Kevin nodded. “People think you’re making the Amish look bad, like you’re out to get them. They think you’re picking on them. They’ve been calling, writing, even stopping by. A man just stopped by this afternoon before you got back from that house fire. He was pretty upset. People here like to think of the Amish as, well, as perfect as those cute little Amish dolls they sell in those souvenir shops.”
“And you’re taking their complaints seriously?”
“I have to; I’m a businessman. I have a business to run. At this rate I might start losing subscribers.”

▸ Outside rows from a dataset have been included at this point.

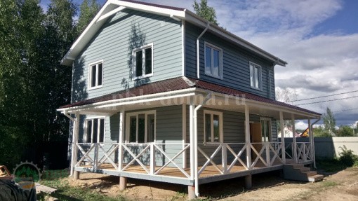 Закончено строительство каркасно-щитового дома 9 на 9 метров с угловой террасой под чистовую отделку. Монтаж проходил в СНТ Павловское, Ленинградской области.
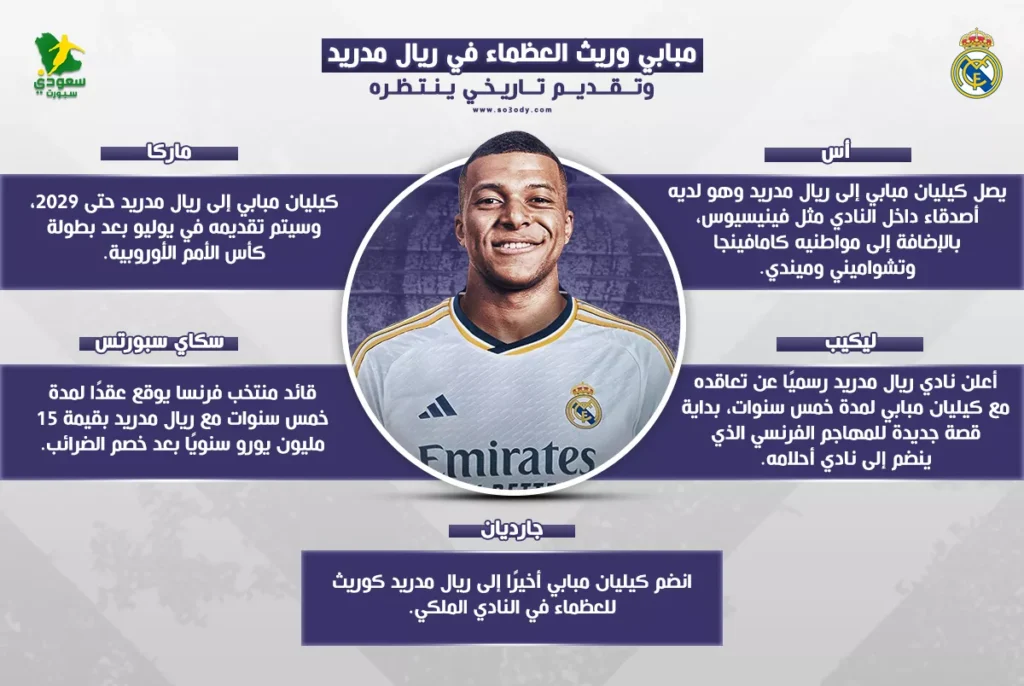 أعلن نادي ريال مدريد رسميًا عن تعاقده مع كيليان مبابي لمدة خمس سنوات، بداية قصة جديدة للمهاجم الفرنسي الذي ينضم إلى نادي أحلامه.
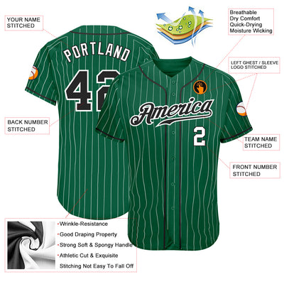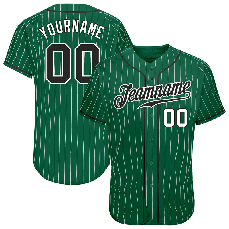 Custom Kelly Green White Pinstripe Black-White Authentic Baseball Jersey
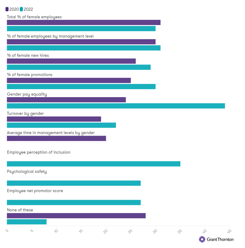 In 2022, we see significant numbers of businesses recording wider metrics around inclusion, such as employee perception of inclusion (35%), psychological safety (27%), and employee net promotor score (27%). While these were not metrics that featured in the 2020 research, it’s safe to assume that employee opinion-oriented research has increased among companies looking to understand their D&I position.
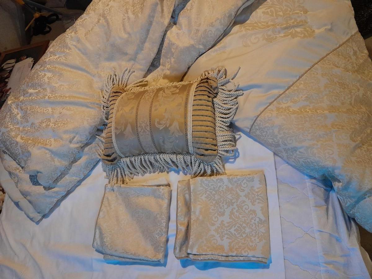 GOLD ACCENT COMFORTER WITH THROW PILLOWS FULL / QUEEN SIZED
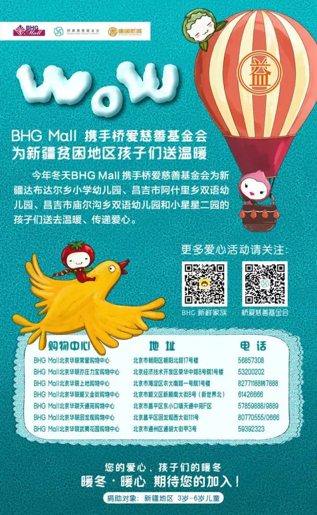 今年冬天,和我們一起來做公益,把您的舊衣服送到離您最近的BHG Mall服務(wù)臺,我們幫您送到新疆貧困的孩子們,同時為鼓勵您的愛心,BHG Mall還將送您貼心小禮物~
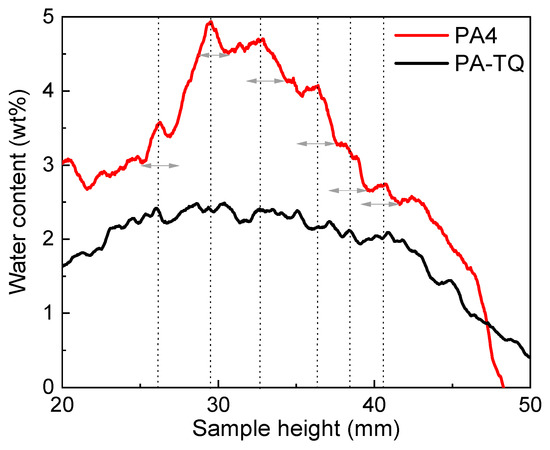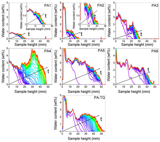 Water content profiles vs. sample height as obtained following the procedure described in Section 2.3. As already stated, neutron radiographs were collected every 40 s for all samples except for PA4, for which a time-step of 10 s was used. In our case, sample PA4 was measured for a total of 13,310 s, during which a water-saturated condition was achieved. For all the other samples, longer exposure times were necessary, since a slower water imbibition rate was observed after the initial stage of exposure with the water bath. For this reason, the water content profiles reported here were collected in the first ~13,310 s (3.7 h) of contact for comparison.
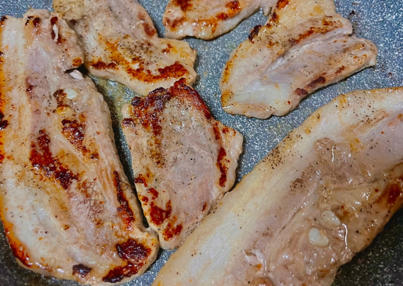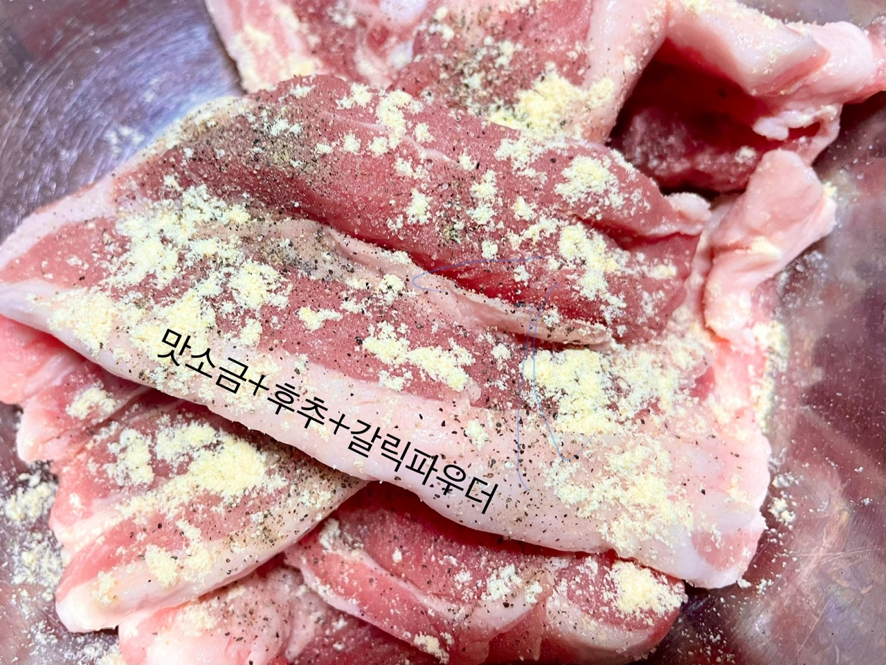 2. ๋ผ์ง๊ณ ๊ธฐ์ ์์ฆ๋์ ํด์ค๋๋ค. ๋ผ์ง๊ณ ๊ธฐ๋ฅผ ๋ง์๊ธ ์กฐ๊ธ, ํ์ถ ์กฐ๊ธ, ๊ฐ๋ฆญํ์ฐ๋๋ฅผ ๊ณจ๊ณ ๋ฃจ ๋ฟ๋ฆฌ๊ณ ๊ธฐ๋ค๋ ค์ค๋๋ค.
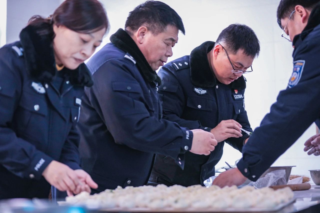 连轴转了一天,回到派出所里后,大家纷纷撸起袖子,有的揉面,有的擀皮,热热闹闹地包起饺子来。不一会,热腾腾的饺子新鲜出炉,一口入肚,一天的疲惫一扫而光。
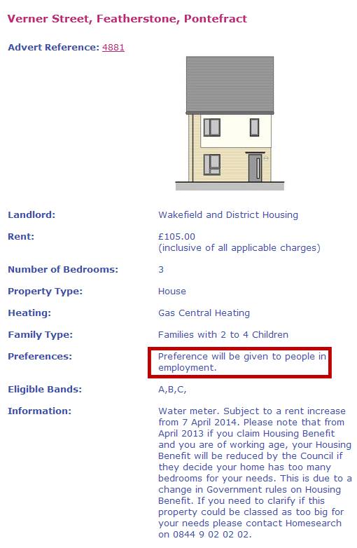 Some of these could be private landlords who have been caught out before by bad benefit tenants who have done moonlight flits and/or caused a lot of damage to the property and they don’t want to risk it again. Housing associations usually do give preference to people working.

“Kevin, I want you to see something….” Aiden rummaged through one of his desk drawers. Finding what he wanted, he waved a folder of papers before Kevin’s eyes. “While I was going over some old police reports on Kyle Yoder, I came across something else about an Amish man a few years ago who was found dead. I don’t think you even wrote a story on it. It just so happens a few months before, the police were called out to his farm after some English lady reported a disturbance at their house. The police suspected he was beating his wife, but she refused to press charges. Since the Amish don’t believe in divorce, the ministers shipped him off to some mental hospital in Michigan for treatment. I asked Joe Karpin about it, and he told me that while the husband was gone, another Amish man started to help the wife with her farm work. A few weeks after the other man came back from Michigan, he was found dead, headfirst in a cistern. The police wrote it off as an accidental drowning. No further questions. Doesn’t that seem a bit strange?”